# SmartVent with ice dams and mold



## rlamik (May 1, 2011)

Join Date: May 2011
Posts: 1 









*Mid Roof Smart Vent and ice dams*


I had SmartVents installled on my roof last year. I also have a Cobra Ridge vent, two 30" gable vents, as well as soffit vent baffles to allow my old soffit vent to breath. I installed a whole house fan with a temperature gauge to help during the summer. The very first storm we had with accumulative snow and rain I ended up with an ice dam on the back side of the roof (north facing). The ice/water went thru the SmartVents and soaked my sheathing. I now have a major mold problem. The contractor is saying the products aren't defective and that they installed them properly. What happened? What should I do next?


----------



## Ed the Roofer (Jan 27, 2007)

Did they install Ice and Water Shield over the Smart Vents?

Ed


----------



## handy man88 (Jan 23, 2007)

Do you have more than adequate attic insulation?


----------



## rlamik (May 1, 2011)

Ed- After reading all your posts, that's what I'm thinking, my contractor didn't cover the vents with the ice and water shield. Is there an easy way to check this?
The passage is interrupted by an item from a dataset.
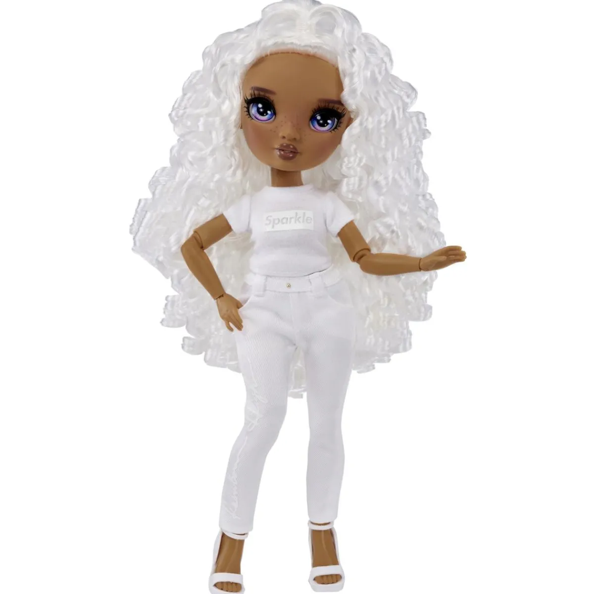 Esta versión de la muñeca Rainbow High Color & Create cuenta con ojos morados y un impactante diseño transparente. Con su pelo largo y blanco, es el lienzo perfecto para mostrar tus dotes creativas y combinar colores y diseños. Juega, crea y sorprende con la muñeca Rainbow High Color & Create.

Although we don't have two feet of insulation in the attic, it's adaquate. We installed it a few years back. And there's no gaps around lighting fixtures and we were careful not to block the old soffit vents and put in the baffles to ensure ait flow.

Only other thing to mention is that the front of the house faces almost direct south and the back side faces north. And that it is a small two story house- 24 by 24 that you can only stand in the middle of the attic.

-thanks


----------



## Ed the Roofer (Jan 27, 2007)

rlamik said:


> Ed- After reading all your posts, that's what I'm thinking, my contractor didn't cover the vents with the ice and water shield.
> 
> *Is there an easy way to check this?*
> 
> -thanks


Lift up the bottom course of shingles along with the starter shingles and see if any product is installed On Top of the Smart Vent. 

See if it is adhered to the top surface of the vent material, or just nailed/stapled in place, such as the case would be if it were only some version of felt paper.

Ed


----------



## [email protected] (Nov 17, 2008)

> The ice/water went thru the SmartVents and soaked my sheathing.





> Ed- After reading all your posts, that's what I'm thinking, my contractor didn't cover the vents with the ice and water shield.


You misunderstood Ed. The ice and water will be below/under and also on top of the vent. Leaving the vent open. You can't close off the vent or there is no air flow. 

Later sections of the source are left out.